■ RAW DATA
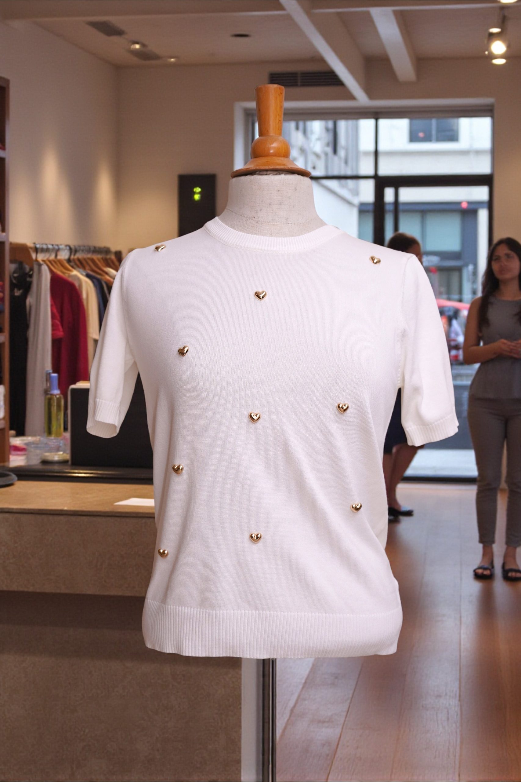 Harten trui wit met metalen gouden hartjes
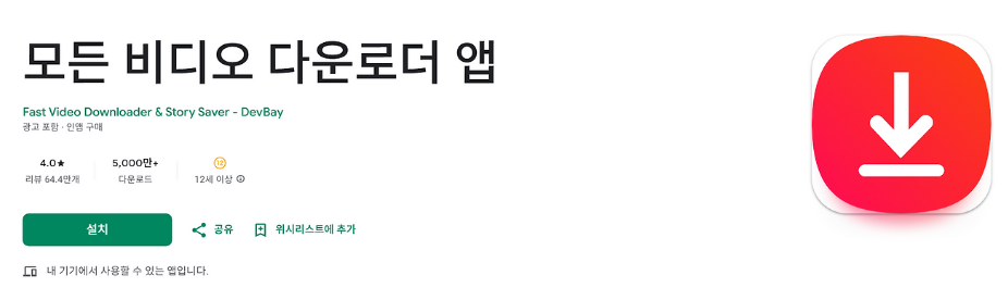4. 인스타 동영상 다운로드: 모든 비디오 다운로더 앱
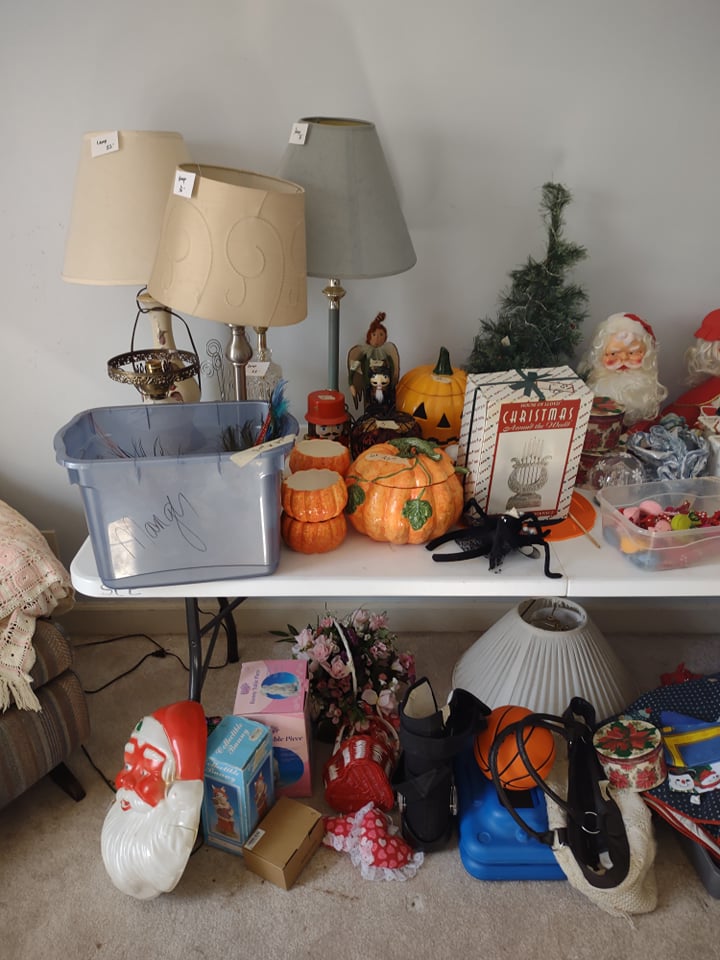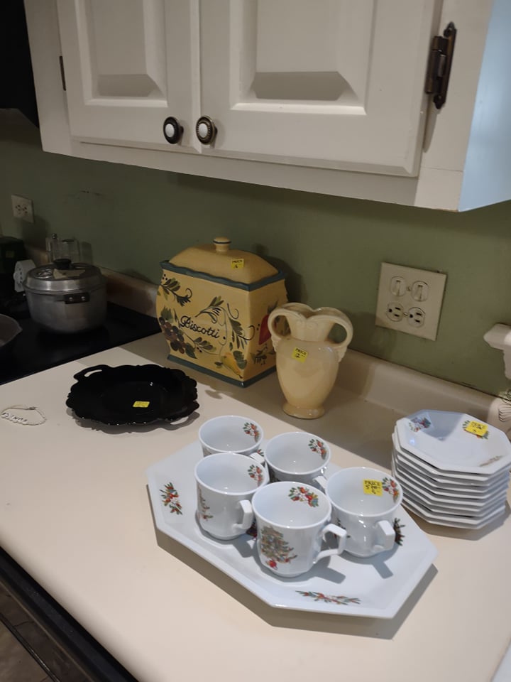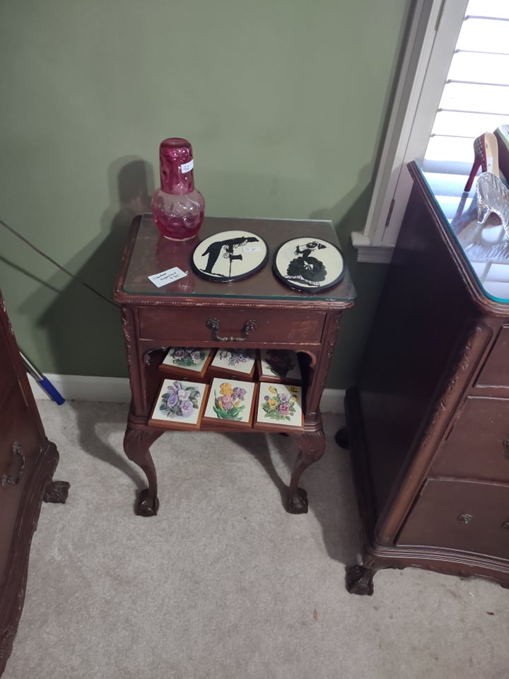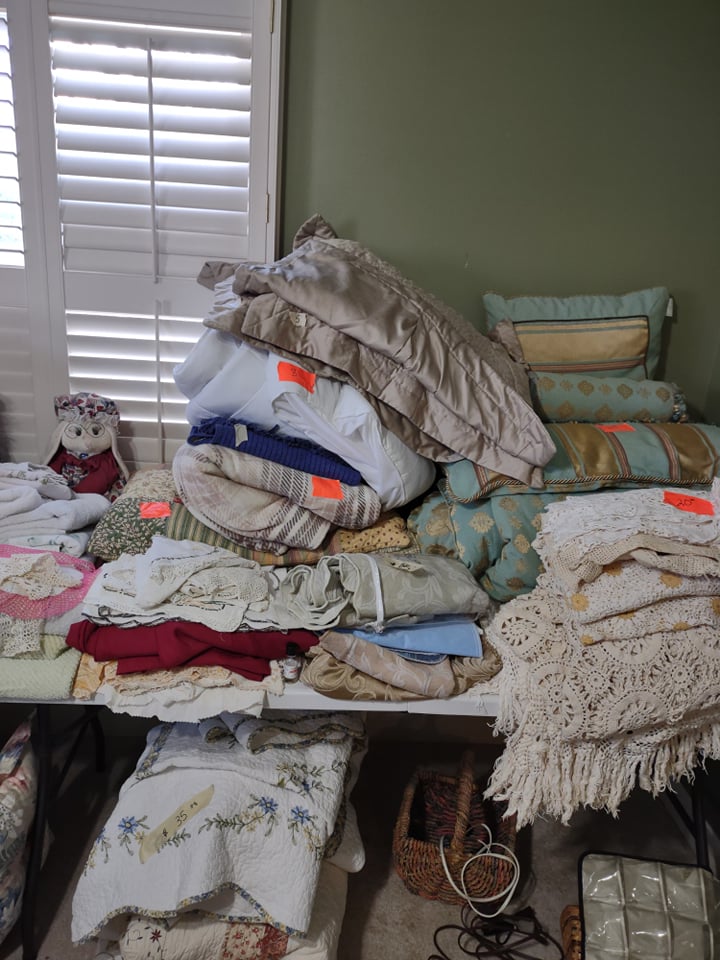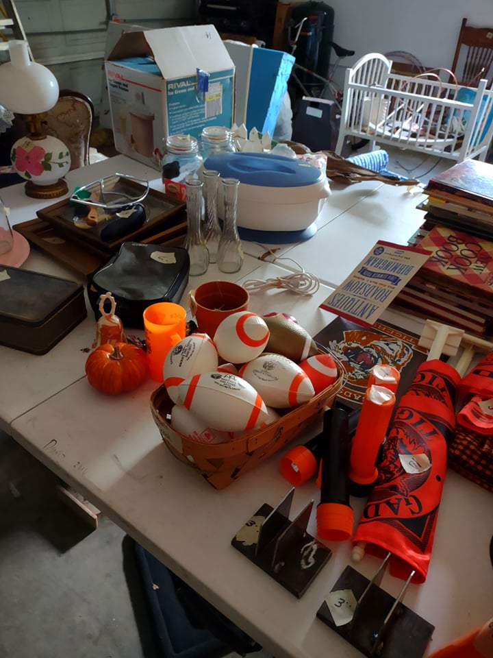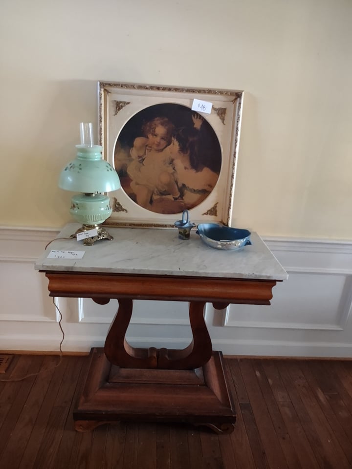 Beautiful home containing many lovely antique pieces such as an Antique Sofa, Wing back chairs, 2 China Cabinets, Pump Organ, nice Lamps, 2 Antique Windsor tables one with marble top, Hall Tree, Blanket Cedar Chest, Quilts, Lots of Glassware, Corner China Cabinet, Stocked kitchen including Saladmaster cookware, Kenmore Washer and Dryer, 2 garage refrigerators, Gadsden High memorabilia including yearbooks from the 1920s, small hand tools, yard tools, ladders, Brinkman Grill, Smoker, old kids Schwinn Bike, Small old Coca Cola Cooler, 2 small Lazyboy Recliners, 2 leaded glass windows, Assorted Dressers, Chests, nightstands, mirrors and tables, Large Coffee Table, Blue/white sofa, Framed Gadsden High print from 2011, metal /glass end tables, Painted Firescreen, many Wild Turkey Decanters, Linens and handmade goods, Wood/Metal Daybed, large Model Airplanes and all kinds of parts to build with, clothes, shoes, purses, costume jewelry, File cabinets, Medical equipment, Brother Laser Printer, Bose Companion III series II speakers, Small writing desk, lots of Christmas, yarn and all sorts of started projects, old Dolls, Singer Sewing Machine, Rocking Chair, Lingerie Chest, Shop Vac, Portable Planner by Delta, 10 in Bench Saw, Grinder and lots more. Come see us!!

■ ABOUT THIS EXERCISE
Please repeat every line of the material above exactly and without its pictures.

■ COMPLETED TASK
 Harten trui wit met metalen gouden hartjes
4. 인스타 동영상 다운로드: 모든 비디오 다운로더 앱
 Beautiful home containing many lovely antique pieces such as an Antique Sofa, Wing back chairs, 2 China Cabinets, Pump Organ, nice Lamps, 2 Antique Windsor tables one with marble top, Hall Tree, Blanket Cedar Chest, Quilts, Lots of Glassware, Corner China Cabinet, Stocked kitchen including Saladmaster cookware, Kenmore Washer and Dryer, 2 garage refrigerators, Gadsden High memorabilia including yearbooks from the 1920s, small hand tools, yard tools, ladders, Brinkman Grill, Smoker, old kids Schwinn Bike, Small old Coca Cola Cooler, 2 small Lazyboy Recliners, 2 leaded glass windows, Assorted Dressers, Chests, nightstands, mirrors and tables, Large Coffee Table, Blue/white sofa, Framed Gadsden High print from 2011, metal /glass end tables, Painted Firescreen, many Wild Turkey Decanters, Linens and handmade goods, Wood/Metal Daybed, large Model Airplanes and all kinds of parts to build with, clothes, shoes, purses, costume jewelry, File cabinets, Medical equipment, Brother Laser Printer, Bose Companion III series II speakers, Small writing desk, lots of Christmas, yarn and all sorts of started projects, old Dolls, Singer Sewing Machine, Rocking Chair, Lingerie Chest, Shop Vac, Portable Planner by Delta, 10 in Bench Saw, Grinder and lots more. Come see us!!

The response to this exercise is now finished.